* **YOUR TASK**
From the line that contains "ラジョウの定番「じっくり焼い" to the last line of the data below, transcribe every line exactly. Do not include the pictures.

* **DATA PROVIDED**

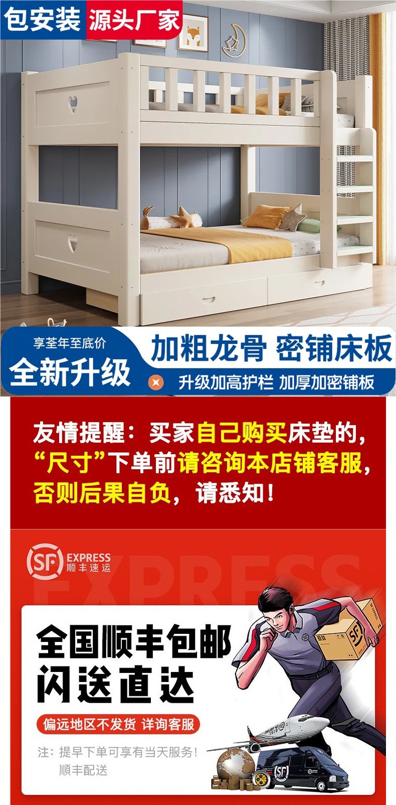 원목 어린이 침대, 성인용 이층 침대, 성인용 이층 침대, 높낮이 다기능 소형 2층 침대스토어 가기
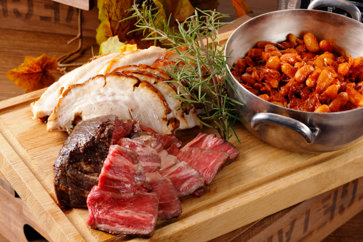 ラジョウの定番「じっくり焼いたポルケッタ」は、ローズマリーやパセリなどのハーブとニンニクの風味を効かせた豚肉を丁寧に焼き上げた逸品。ビュッフェラインで、1皿1皿シェフが目の前で仕上げご提供いたします。香り高いハーブと柔らかな肉質のポークのハーモニーをご堪能いただけます。
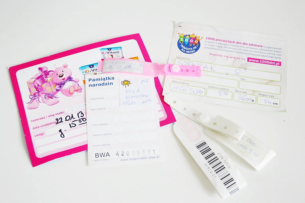 - Kartki z imieniem i nazwiskiem oraz płcią dziecka

* **SOLUTION FOR THIS PROBLEM**
 ラジョウの定番「じっくり焼いたポルケッタ」は、ローズマリーやパセリなどのハーブとニンニクの風味を効かせた豚肉を丁寧に焼き上げた逸品。ビュッフェラインで、1皿1皿シェフが目の前で仕上げご提供いたします。香り高いハーブと柔らかな肉質のポークのハーモニーをご堪能いただけます。
 - Kartki z imieniem i nazwiskiem oraz płcią dziecka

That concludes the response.